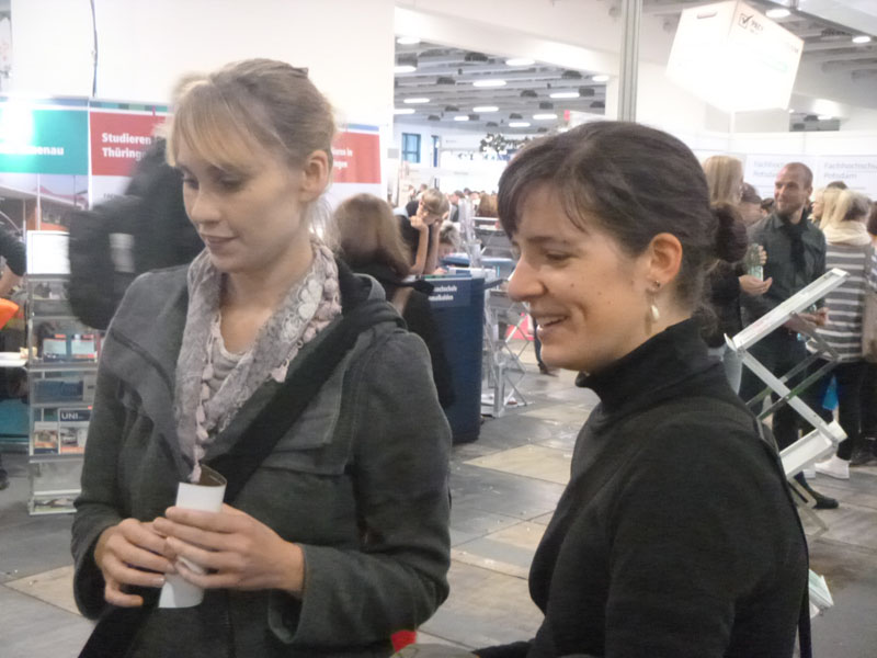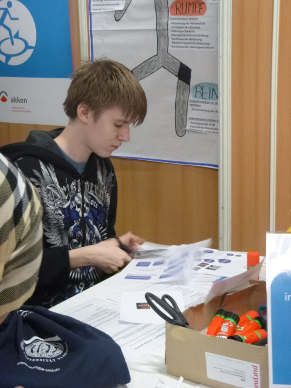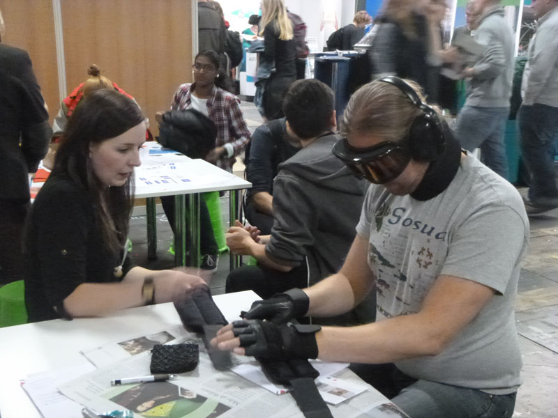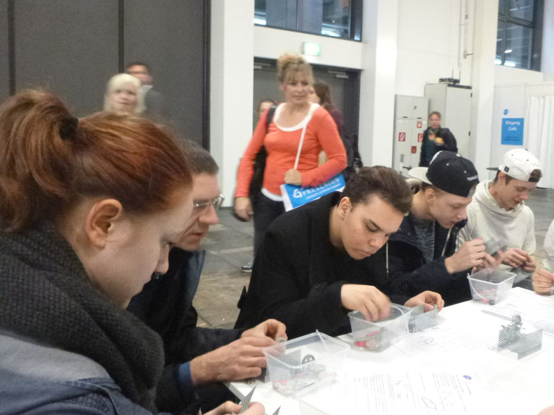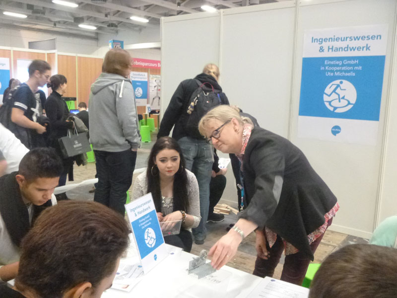 Wir nutzten am 14.11. die Gelegenheit, die Ausbildungsmesse Einstieg in den Messehallen des ICC zu besuchen. Viele Betriebe und Unternehmen stellten sich vor und beantworteten trotz des großen Andranges geduldig unsere Fragen zu den Ausbildungsberufen. Daneben waren auch einige Universitäten, Vertreter der berufsvorbereitenden Jahre und Bewerbungsprofis vor Ort.Mit Notizmaterialien und Informationsaufträgen ausgestattet erkundeten wir die riesige Messehalle mit den Ausstellern der verschiedenen Unternehmen. Die BSR, die DB und die Bundes- und Landespolizei sind nur einige der großen Arbeitgeber, die auf der Suche nach Auszubildenden mit Schulabschlüssen und geeigneten Voraussetzungen sind. In der Vorbereitung des Ausflugs haben wir Interessenstests durchgeführt, so dass wir mit allen Bildungsbegleitern viele kleine Gruppen bilden konnten, die Berufsfeldern entsprachen. Nach einer kurzen Mittagspause hatten wir noch das Glück, am eigentlich ausgebuchten Erlebnisparcour teilnehmen zu können. Hier konnten wir an verschiedenen Stationen typische und praktische Tätigkeiten von Berufen kennenlernen. Von metall- und holztechnischen Konstruktionen wie etwa dem verkleinerten Nachbau eines Kettenzuggetriebes über kreative Berufe bis hin zur praktischen Vorstellung des Alltagsgefühls von älteren Menschen reichten die einzelnen Erlebnisstationen. Die knifflige Getriebekonstruktion erforderte einigen Sachverstand und viel Fingerspitzengefühl. Um Nachvollziehen zu können, wie das Körper- und Wahrnehmungsgefühl von älteren Menschen ist, wurden einige von uns in den gesteckt und mit Alltagsaufgaben betraut. Um einen Pflegeberuf zu erlernen, muss man sich das vorstellen können.Durch den Besuch der Messe konnten einige von uns ihre näheren Zukunftsvorstellungen konkreter werden lassen, haben interessante Anregungen oder zumindest ein, zwei Kugelschreiber mit nach Hause nehmen können.
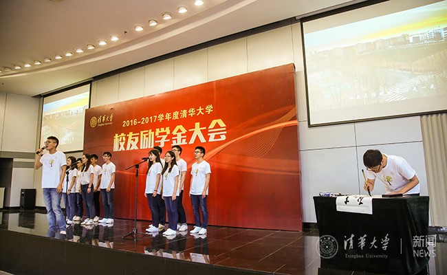 获助学生代表还在大会上演唱了歌曲《成都》的清华版,并在现场完成书法作品“春风化雨,励学育人”,表达对母校的热爱和对校友的感激。同学们还向出席大会的校友代表赠送了亲手绘制的校友肖像画,并合影留念。
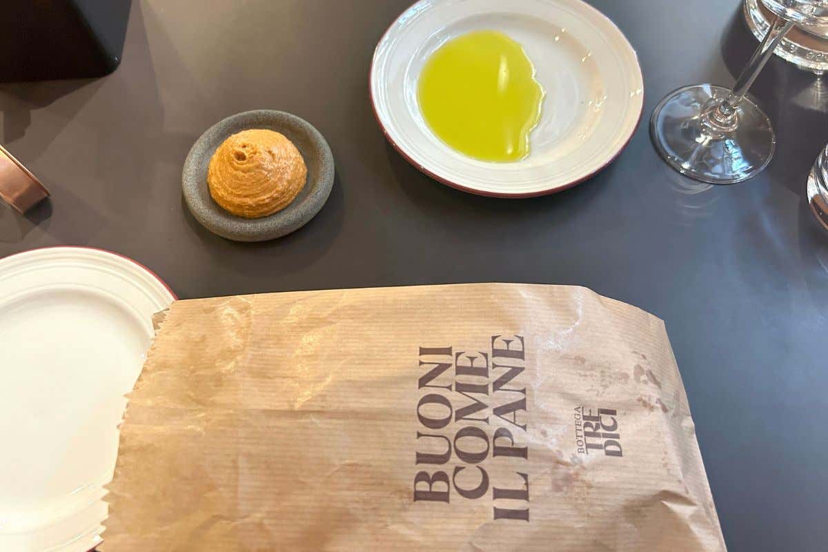Il pane e olio di Bottega Tredici, salsina al pomodoro, taggiasche e mandorle
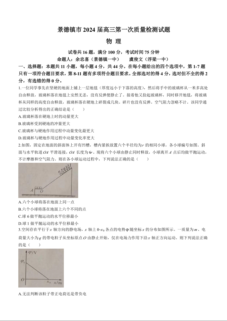 江西省景德镇市2023-2024学年高三上学期第一次质量检测 物理
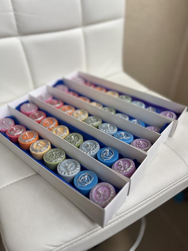 В наборе 8 свечей. 7 чакр, которые можно использовать для проработки в медитации энергетической системы, а также 1 цветок жизни. Это 100% благоухающий соевый воск: •природный продукт, получаемый из соевого боба • свечи из соевого воска являются биологическими и экологически чистыми, безопасными и для детей и для беременных женщин •соевый воск абсолютно безопасен для кожи •при горении свеча не повышает уровень С02 в воздухе •соевый воск не оставляет пятен на одежде и мебели, его легко очистить с помощью теплой воды и мыла Размер каждой свечи 3.7 см на 1,5 см.
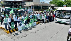 “Hoy la electromovilidad no llegó a Nuevo León, ni a la Ciudad de México, ni a Guadalajara; llegó a Ciudad Valles, San Luis Potosí, como un modelo de futuro que será ejemplo por ser la primera flota con servicio gratuito de todo el país y de todo Latinoamérica”, destacó el Mandatario Estatal, tras resaltar que es un modelo inclusivo, donde las personas con discapacidad podrán moverse con seguridad, además de contar con espacios para mascotas y para personas adultas mayores.

→ **Exercise details**
In full and without error, repeat the listing above, omitting its images.

→ **Your solution**
 Wir nutzten am 14.11. die Gelegenheit, die Ausbildungsmesse Einstieg in den Messehallen des ICC zu besuchen. Viele Betriebe und Unternehmen stellten sich vor und beantworteten trotz des großen Andranges geduldig unsere Fragen zu den Ausbildungsberufen. Daneben waren auch einige Universitäten, Vertreter der berufsvorbereitenden Jahre und Bewerbungsprofis vor Ort.Mit Notizmaterialien und Informationsaufträgen ausgestattet erkundeten wir die riesige Messehalle mit den Ausstellern der verschiedenen Unternehmen. Die BSR, die DB und die Bundes- und Landespolizei sind nur einige der großen Arbeitgeber, die auf der Suche nach Auszubildenden mit Schulabschlüssen und geeigneten Voraussetzungen sind. In der Vorbereitung des Ausflugs haben wir Interessenstests durchgeführt, so dass wir mit allen Bildungsbegleitern viele kleine Gruppen bilden konnten, die Berufsfeldern entsprachen. Nach einer kurzen Mittagspause hatten wir noch das Glück, am eigentlich ausgebuchten Erlebnisparcour teilnehmen zu können. Hier konnten wir an verschiedenen Stationen typische und praktische Tätigkeiten von Berufen kennenlernen. Von metall- und holztechnischen Konstruktionen wie etwa dem verkleinerten Nachbau eines Kettenzuggetriebes über kreative Berufe bis hin zur praktischen Vorstellung des Alltagsgefühls von älteren Menschen reichten die einzelnen Erlebnisstationen. Die knifflige Getriebekonstruktion erforderte einigen Sachverstand und viel Fingerspitzengefühl. Um Nachvollziehen zu können, wie das Körper- und Wahrnehmungsgefühl von älteren Menschen ist, wurden einige von uns in den gesteckt und mit Alltagsaufgaben betraut. Um einen Pflegeberuf zu erlernen, muss man sich das vorstellen können.Durch den Besuch der Messe konnten einige von uns ihre näheren Zukunftsvorstellungen konkreter werden lassen, haben interessante Anregungen oder zumindest ein, zwei Kugelschreiber mit nach Hause nehmen können.
 获助学生代表还在大会上演唱了歌曲《成都》的清华版,并在现场完成书法作品“春风化雨,励学育人”,表达对母校的热爱和对校友的感激。同学们还向出席大会的校友代表赠送了亲手绘制的校友肖像画,并合影留念。
Il pane e olio di Bottega Tredici, salsina al pomodoro, taggiasche e mandorle
 江西省景德镇市2023-2024学年高三上学期第一次质量检测 物理
 В наборе 8 свечей. 7 чакр, которые можно использовать для проработки в медитации энергетической системы, а также 1 цветок жизни. Это 100% благоухающий соевый воск: •природный продукт, получаемый из соевого боба • свечи из соевого воска являются биологическими и экологически чистыми, безопасными и для детей и для беременных женщин •соевый воск абсолютно безопасен для кожи •при горении свеча не повышает уровень С02 в воздухе •соевый воск не оставляет пятен на одежде и мебели, его легко очистить с помощью теплой воды и мыла Размер каждой свечи 3.7 см на 1,5 см.
 “Hoy la electromovilidad no llegó a Nuevo León, ni a la Ciudad de México, ni a Guadalajara; llegó a Ciudad Valles, San Luis Potosí, como un modelo de futuro que será ejemplo por ser la primera flota con servicio gratuito de todo el país y de todo Latinoamérica”, destacó el Mandatario Estatal, tras resaltar que es un modelo inclusivo, donde las personas con discapacidad podrán moverse con seguridad, además de contar con espacios para mascotas y para personas adultas mayores.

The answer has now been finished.